The story is split into two distinct parts … the buildup and the aftermath. It’s late 1941 when we see Jan Kubis (Jamie Dornan) and Josef Gabcik (Cillian Murphy) parachute into the territory outside of Prague and make their way to the city only to discover their contact has been killed. Over the next few months, the two soldiers spend time planning, observing and blending in, while living with their host family – the Moravecs. They become attached to two local ladies (Charlotte Le Bon, Anna Geislorova), first as cover for the mission, and then in a more personal manner as tension builds and the mission gets closer.

Many of the original, historic and actual locations are used which adds an element of realism to a story that’s already plenty real and emotional. The second half of the story is what happens after the assassination. Seven of the original parachutists go into hiding in the basement of the Saints Cyril and Methodius Cathedral. The manhunt is brutal and extensive, and once the hideout is discovered, a seemingly unending parade of German soldiers and ever-increasing weaponry are unleashed. It’s a beautifully filmed, but gut-wrenching scene … think of the last stand at The Alamo.

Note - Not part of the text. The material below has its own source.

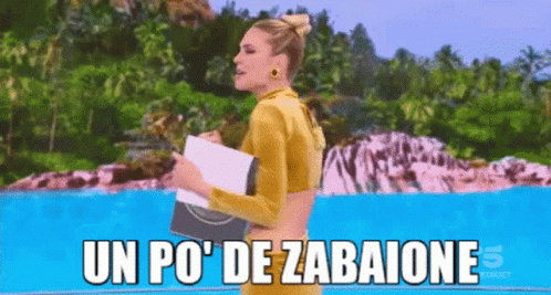 Italian TV presenter Ilary Blasi enthusiastically says 'A little bit of zabaglione' on L'isola dei Famosi.
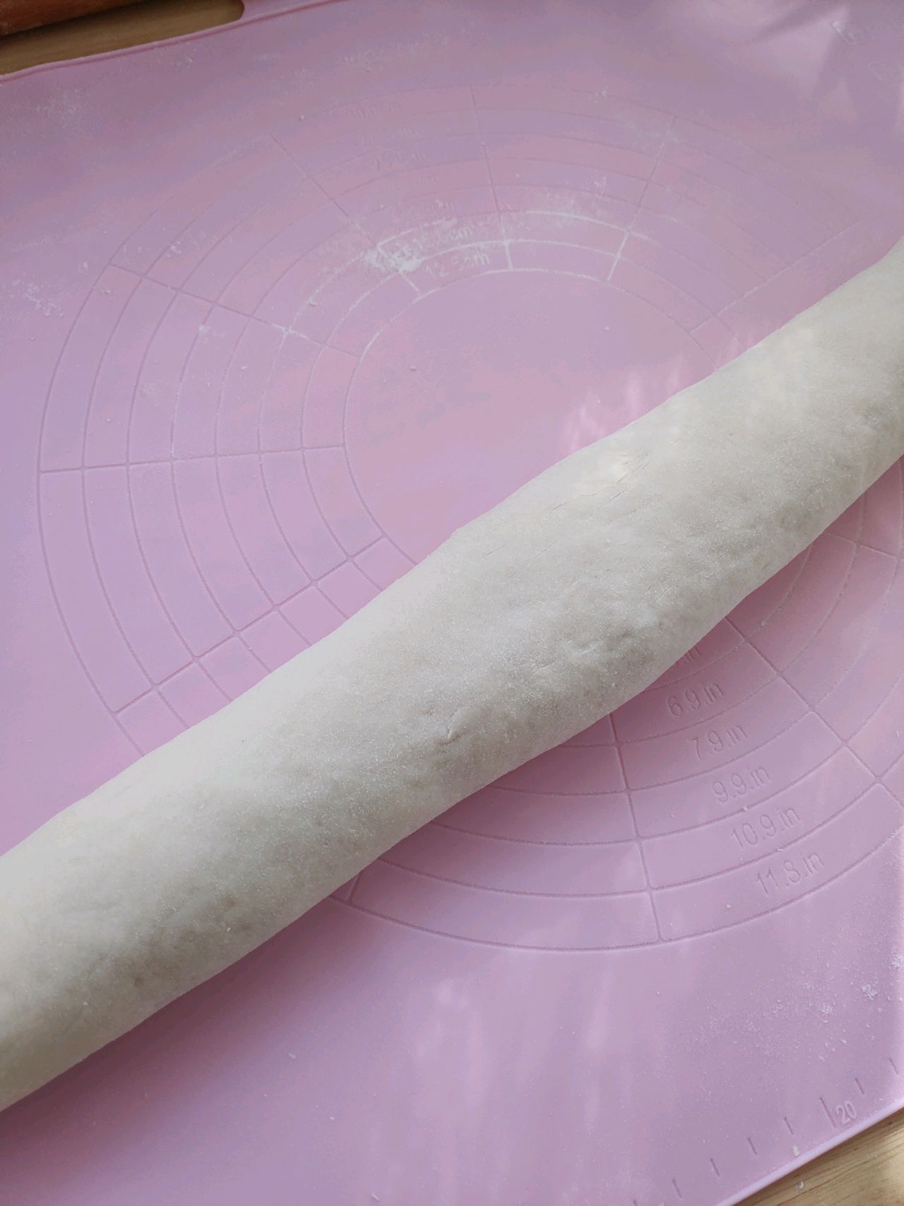 步骤4、面团发酵好之后,开始进行排气,搓成光滑的长条,

An extended shootout (6 hours in real time) may not seem like a fun day at the movies, but this story goes to the bravery and desperation of those who refused to give in to the relentless savagery of the Germans. In addition to Ms. Le Bon and Ms. Geislorova, Czech screen vet Alena Mihulova is another standout here. The pacing of the story telling is a bit off at times, but director Ellis brings historical accuracy to a fascinating story in ways that movies such as Valkyrie and Inglourious Basterds didn’t even attempt. As courageous as those in the resistance were, the aftermath and reprisals do beg the question … was it worth the price? Not an easy question to answer even in hindsight.